Monday, August 22, 2011 at 11:20 a.m.
Music vet and New Times scribe Lee Zimmerman offers his insights, opinions and observations about the local scene. This week: Fueling some feedback...
It goes without saying that one of the hazards of being a writer is having to open yourself up to feedback, either positive or negative, and in fact, usually more of the latter. There are
those who may take issue with my opinions, and that too is only natural.
Admittedly, I was a bit thin-skinned when I was ripped for my alleged
harassment of the Rolling Stones during an unexpected encounter in the
Virgin Islands, and I was
pummeled when I expressed bemusement at Tori Amos' apparent emotional
breakdown at a Miami Beach concert several years back. It's always good
when someone reminds you of your insensitivity. Not. The fact is, I welcome reader comments for
better or for worse, simply because it tells me people are reading.

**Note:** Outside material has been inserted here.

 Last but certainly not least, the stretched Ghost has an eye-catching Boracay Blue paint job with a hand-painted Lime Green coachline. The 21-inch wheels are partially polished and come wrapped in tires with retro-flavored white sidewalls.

must say, though, that last week I received perhaps the greatest
recognition ever accorded for one of my ramblings. The blog site
belonging to NPR (National Public Radio) contained a commentary written
by Marc Hirsh, a music writer for the Boston Globe who opted to refute several points in my birthday blog about Kate Bush.

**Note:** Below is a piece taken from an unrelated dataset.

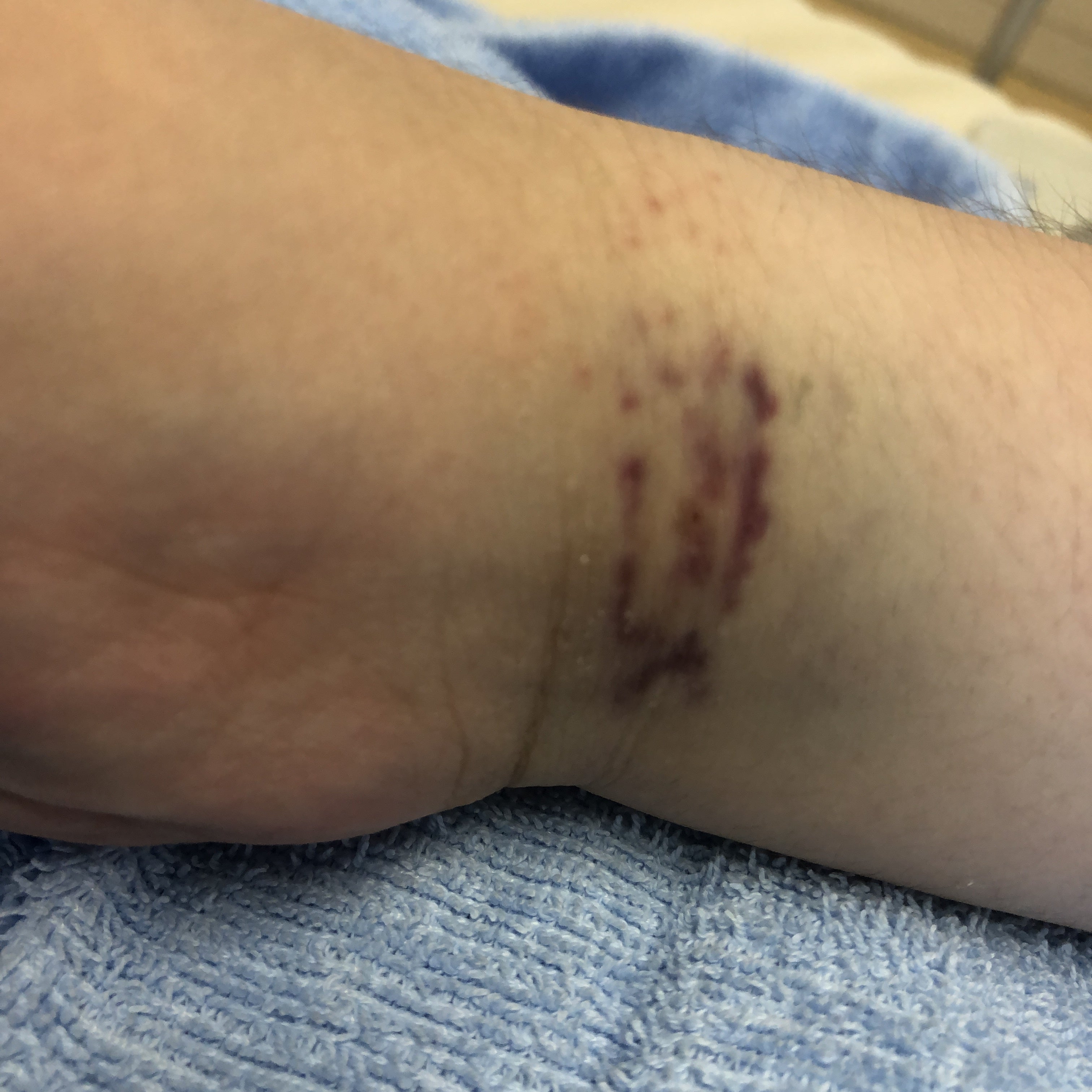 いくつもの点滴をさした場所

My intent was to show that Ms. Bush has never attained the recognition she deserved in this country and I listed five reasons why I came to that conclusion: She's too British, she's too weird, she's too literary, the aforementioned Ms. Amos has usurped her style and she's way too reclusive. Mr. Hirsh effectively challenges each of my arguments, but with close examination it's clear he's not debunking my theories entirely. As he puts it, it's in "that spirit of the kind of kindred fandom that can only be shared by two people who both love the same thing from the very core of their being and can (and will) furiously gabble on about it to one another all night long unless someone else shuts them up, I am going to rip his arguments to shreds." Yes, Marc, I feel the love.
He seizes on certain nuances but fails to look at the argument as a whole. It was the combined result of these various circumstances that drove me to reach my conclusion -- not any one of them alone. Ultimately he agrees with my conclusion -- that Ms. Bush has been all but ignored in America, though he seeks to offer other reasons why. "So now that I've lovingly (!) shut down all of Zimmerman's arguments, how to explain Bush's relative lack of success in this country?" he queries. "Well, she certainly didn't fit any of the molds of what women were doing in pop music in the 1980s; only Madonna (who, for whatever it's worth, is a mere 17 days younger than Bush) was as chameleonic, but she was both more overtly sexual and more cannily club-oriented in a particularly dance-crazy decade. And Peter Gabriel notwithstanding, art rock wasn't exactly a ticket to mass success."
I gotta admit, the guy makes good points, and he does so without any personal putdowns, which is always appreciated. But still, there's one point he misses... my article was mostly tongue in cheek! A stab at sarcasm. And they were theoretical arguments anyway, which are open to varied interpretations. Ultimately, I think Mark and I are kind of saying the same thing, albeit with parallel points of view.
In any case, I love it that I'm on the NPR website and I think it's great that you saw enough reasoning in my remarks to pick up on the debate. Affirmation comes in many different forms and as the old axiom goes, there's no such thing as bad press as long as they spell your name right. And indeed, you spelled it correctly. I owe you a tall one.
And by the way, if anyone feels like they have to take issue with the opinions expressed in this
column, that's cool too. Just tone down your temper.